No dia seguinte, a movimentação nas redes sociais é um bom termômetro da repercussão do jogão, quer dizer, ahn, do “julgamentão”: é exibido o borderô dos telões e alguns reclamam das cotas retidas. Torcedores se mostram preocupados com a reposição do elenco jurídico, pois o craque Arthur Pedrosa tem uma proposta irrecusável de um time holandês de Haia e deve sair. Uma coluna é publicada, comparando-se a frase mágica de Pedrosa ao gol de falta do Pet e à cabeçada do Rondinelli. É lançada a réplica da gravata de Pedrosa, à venda no site oficial, e a lista de espera para a compra é grande. Alguns mais exigentes reclamam, “chega de ganhar julgamentinho no TJD, o Flamengo tem que pensar grande!”. Defende-se a construção de um Centro de Formação para novos advogados (“todos os clubes já têm o seu”). E o GE.com publica fotos inéditas da recém-eleita "Musa do Tribunal".
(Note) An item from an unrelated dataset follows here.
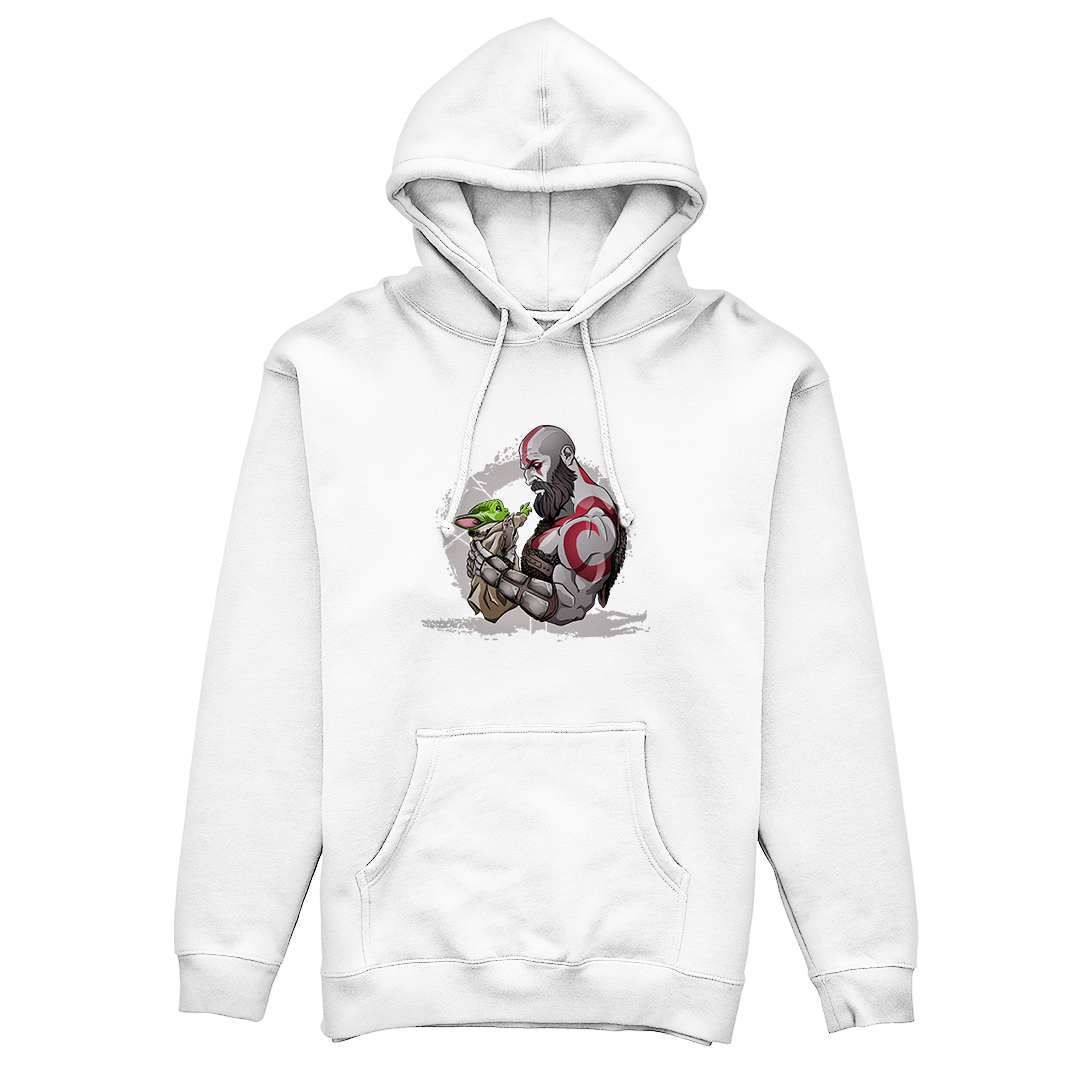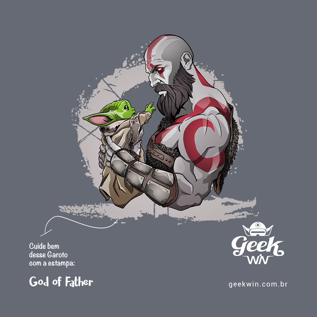 Celebre a jornada épica da paternidade com a estampa exclusiva "God of Father". Neste design único, homenageamos dois pais solteiros extraordinários - Kratos, o guerreiro espartano de God of War, e Mando, o intrépido Mandaloriano da série Star Wars: The Mandalorian. Ambos compartilham a peculiaridade de se referirem carinhosamente a seus filhos como "Garoto". Na ilustração, Kratos é retratado de perfil, segurando ternamente Grogu, o adorável membro da raça do mestre Yoda. O olhar fraterno entre pai e "Garoto" é capturado com emoção, proporcionando uma fusão única entre esses dois universos tão distintos. Explore a magia da paternidade nesse crossover afetuoso, onde as histórias se entrelaçam para criar uma conexão emocional que transcende os mundos de God of War e Star Wars.

Nos jornais, vastas reportagens de página inteira contam a história de Arthur Pedrosa, o ídolo de uma nação. Outras matérias tratam de como nasceu a genial frase “A regra é clara”. E um ou outro periódico mostra uma pequena nota, quase no rodapé, indicando que domingo o Flamengo joga, e o treinador tem dúvidas para escalar o time. E quem se importa?


* Este é um texto de ficção. Qualquer semelhança com nomes e/ou fatos reais terá sido mera coincidência, e espero que assim permaneça.